• WHAT TO WORK ON
From the line with "近日,江苏省精神文明建设指导" to the line with "The effect of", output every line below exactly, both ends included. Skip the pictures.

━━━ GIVEN DATA ━━━

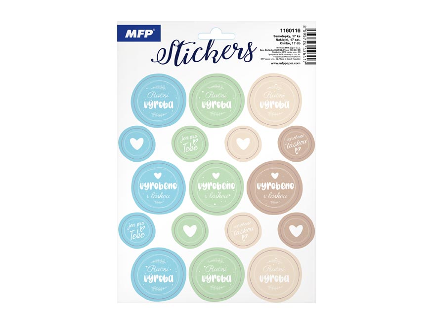 Stylové samolepky s nápisy jako „Ruční výroba“, „Vyrobeno s láskou“ nebo „Jen pro Tebe“ dodají každému balíčku osobní nádech. Pastelové tóny modré, zelené a béžové působí čistě a elegantně – skvěle ladí s přírodními i minimalistickými materiály.
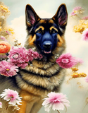 Алмазная вышивка «Красивая овчарка среди цветов» 30x40 см
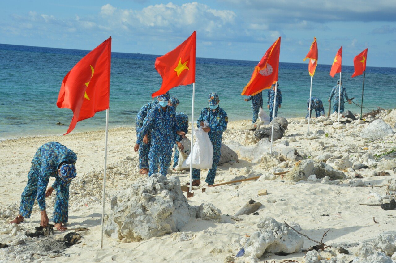 Cán bộ, đoàn viên đảo Sinh Tồn dọn vệ sinh bờ biển
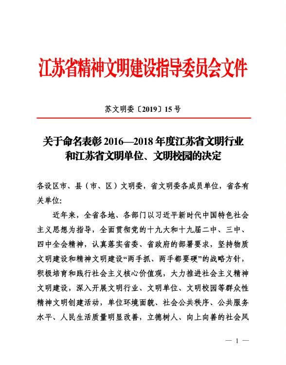 近日,江苏省精神文明建设指导委员会下发了《关于命名表彰2016-2018年度江苏省文明行业和江苏省文明单位、文明校园的决定》,徐州市中心血站再次荣获2016-2018年度江苏省文明单位荣誉称号。
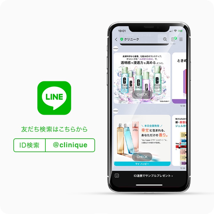 クリニークのLINE公式アカウントを「友だち追加」「ID連携」で、 新製品や限定品、キャンペーンなど様々な情報をお届けします。
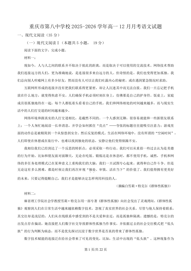 高一语文(解析版)--重庆市第八中学2025-2026学年高一上学期12月月考
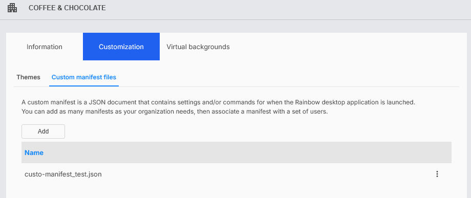 Wanneer u vanuit de beheerapplicatie van Rainbow implementeert, kan het bestand custo-manifest.json niet langer lokaal geconfigureerd worden vanuit de Rainbow applicatie van bedrijfsleden: export/import opties worden niet langer aangeboden.
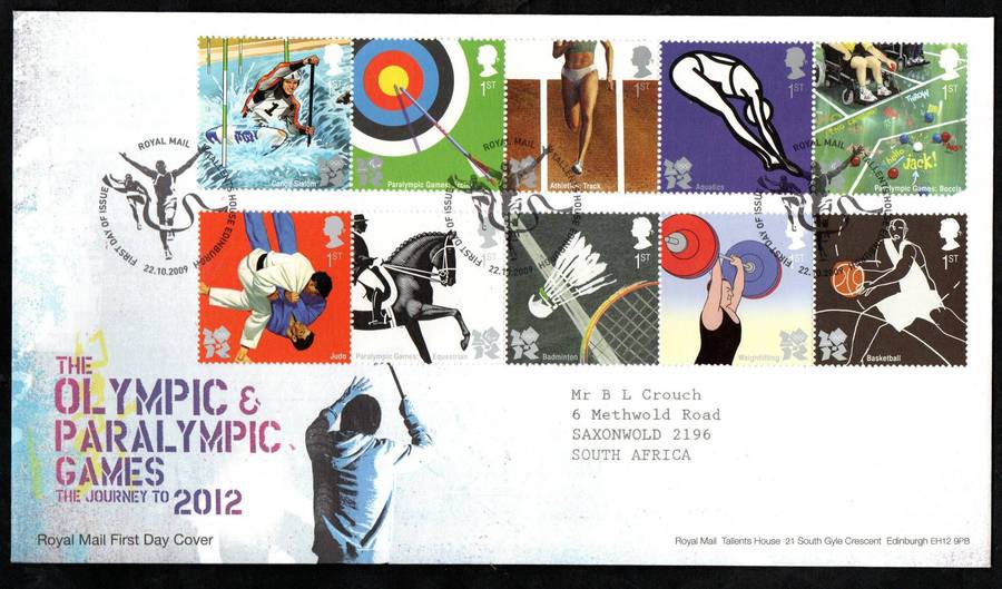 GB 2009 Olympics+Paralympic Games, London (first issue) first day cover (Tallents House)  CV GBP 9+ GB 2009 Olympics+Paralympic Games, London (first issue) first day cover (Tallents House)  CV GBP 9+ GB 2009 Olympics+Paralympic Games, London (first issue) first day cover (Tallents House)  CV GBP 9+
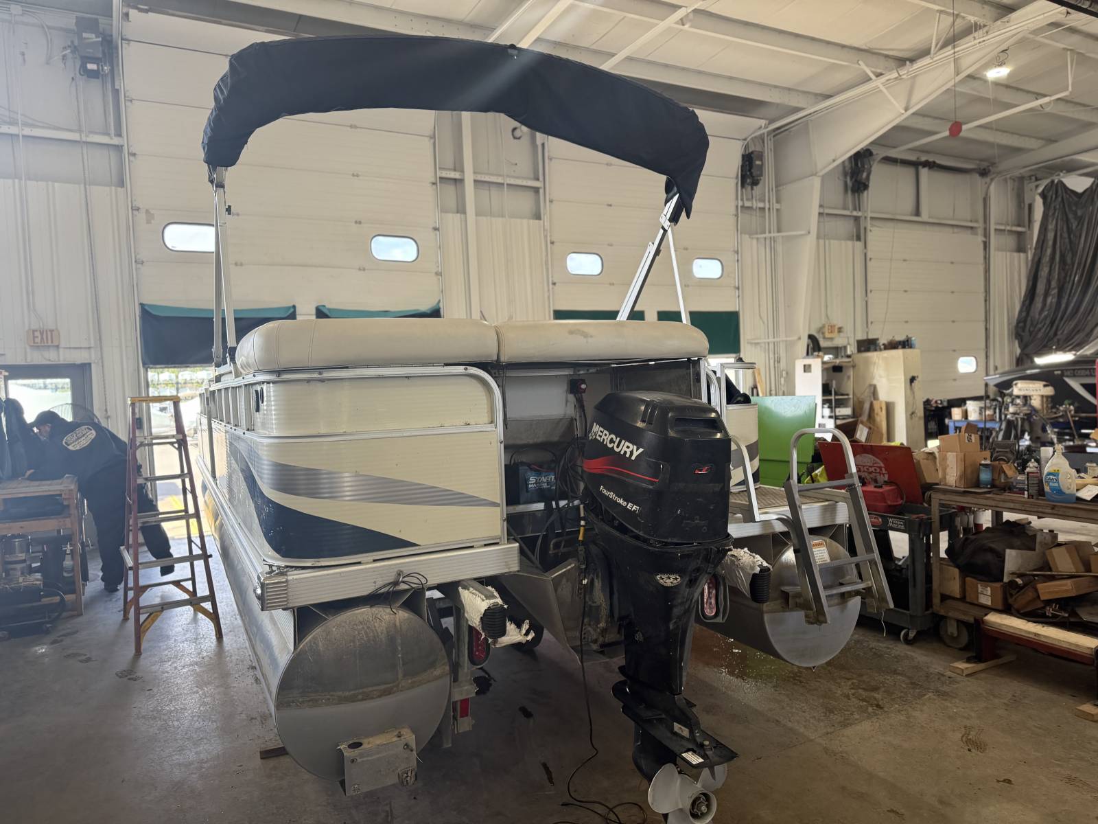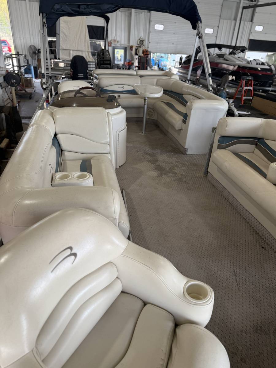 Nice pontoon ready for summer. This comes powered by a Mercury 60 ELPT Four stroke with 794 hours(Trailer in photos is not included in price)
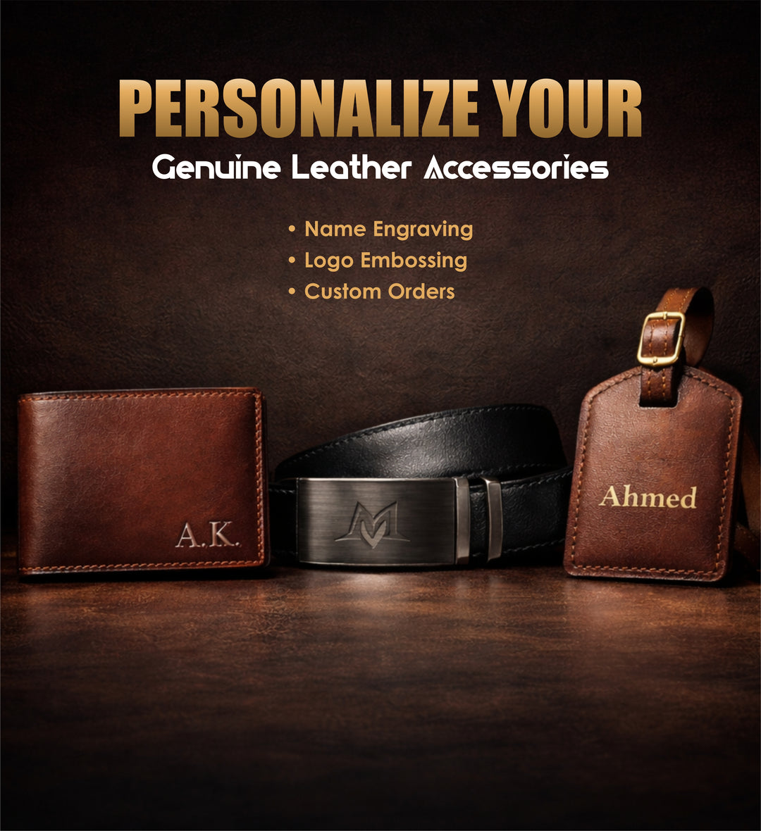 Personalize your leather pieces with custom engraving and branding. Designed to make every product uniquely yours with a touch of individuality and class.
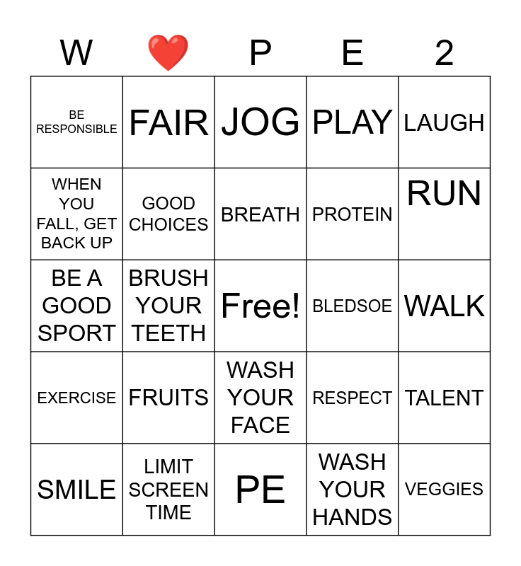This bingo card has a free space and 29 words: SMILE, HONESTY, BRUSH YOUR TEETH, FUN WITH FAMILY, BE RESPONSIBLE, JOG, GOOD CHOICES, FRUITS, BLEDSOE, LIMIT SCREEN TIME, WALK, VEGGIES, PE, WASH YOUR HANDS, RUN, INTEGRITY, WASH YOUR FACE, EXERCISE, LAUGH, BE A GOOD SPORT, RESPECT, WATER, PROTEIN, WHEN YOU FALL, GET BACK UP, PLAY, FAIR, TALENT, BREATH and TRY YOUR BEST.
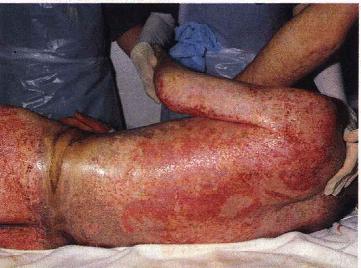 The effect of mustard agent is delayed and the first symptoms do not occur until 2-24 hours after exposure. A typical result of warfare with mustard agent is that the medical system is overloaded with numerous victims who require long and demanding care. |
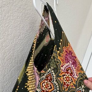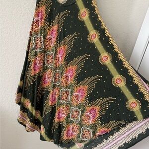 This elegant skirt features a vibrant floral pattern, perfect for adding a touch of color to your wardrobe. The green and pink hues create a stunning contrast, making it a standout piece for any occasion. Slight fraying on the bottom as shown in pictures.
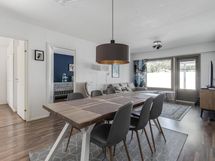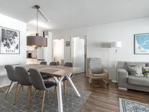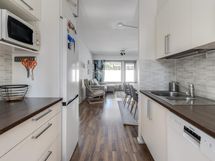 - Jääkaappipakastin, keraaminen liesi, liesituuletin, astianpesukone, kaapistot, kiinteät valaisimet.
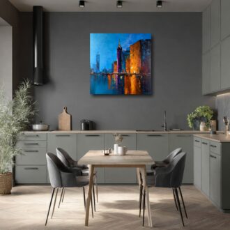 • Nowoczesny obraz miasto jako obraz do salonuNowoczesny obraz miasto z grubą fakturą farby 80x80 cm

━━━

• SOLUTION
 近日,江苏省精神文明建设指导委员会下发了《关于命名表彰2016-2018年度江苏省文明行业和江苏省文明单位、文明校园的决定》,徐州市中心血站再次荣获2016-2018年度江苏省文明单位荣誉称号。
 クリニークのLINE公式アカウントを「友だち追加」「ID連携」で、 新製品や限定品、キャンペーンなど様々な情報をお届けします。
 高一语文(解析版)--重庆市第八中学2025-2026学年高一上学期12月月考
 Wanneer u vanuit de beheerapplicatie van Rainbow implementeert, kan het bestand custo-manifest.json niet langer lokaal geconfigureerd worden vanuit de Rainbow applicatie van bedrijfsleden: export/import opties worden niet langer aangeboden.
 GB 2009 Olympics+Paralympic Games, London (first issue) first day cover (Tallents House)  CV GBP 9+ GB 2009 Olympics+Paralympic Games, London (first issue) first day cover (Tallents House)  CV GBP 9+ GB 2009 Olympics+Paralympic Games, London (first issue) first day cover (Tallents House)  CV GBP 9+
 Nice pontoon ready for summer. This comes powered by a Mercury 60 ELPT Four stroke with 794 hours(Trailer in photos is not included in price)
 Personalize your leather pieces with custom engraving and branding. Designed to make every product uniquely yours with a touch of individuality and class.
This bingo card has a free space and 29 words: SMILE, HONESTY, BRUSH YOUR TEETH, FUN WITH FAMILY, BE RESPONSIBLE, JOG, GOOD CHOICES, FRUITS, BLEDSOE, LIMIT SCREEN TIME, WALK, VEGGIES, PE, WASH YOUR HANDS, RUN, INTEGRITY, WASH YOUR FACE, EXERCISE, LAUGH, BE A GOOD SPORT, RESPECT, WATER, PROTEIN, WHEN YOU FALL, GET BACK UP, PLAY, FAIR, TALENT, BREATH and TRY YOUR BEST.
 The effect of mustard agent is delayed and the first symptoms do not occur until 2-24 hours after exposure. A typical result of warfare with mustard agent is that the medical system is overloaded with numerous victims who require long and demanding care. |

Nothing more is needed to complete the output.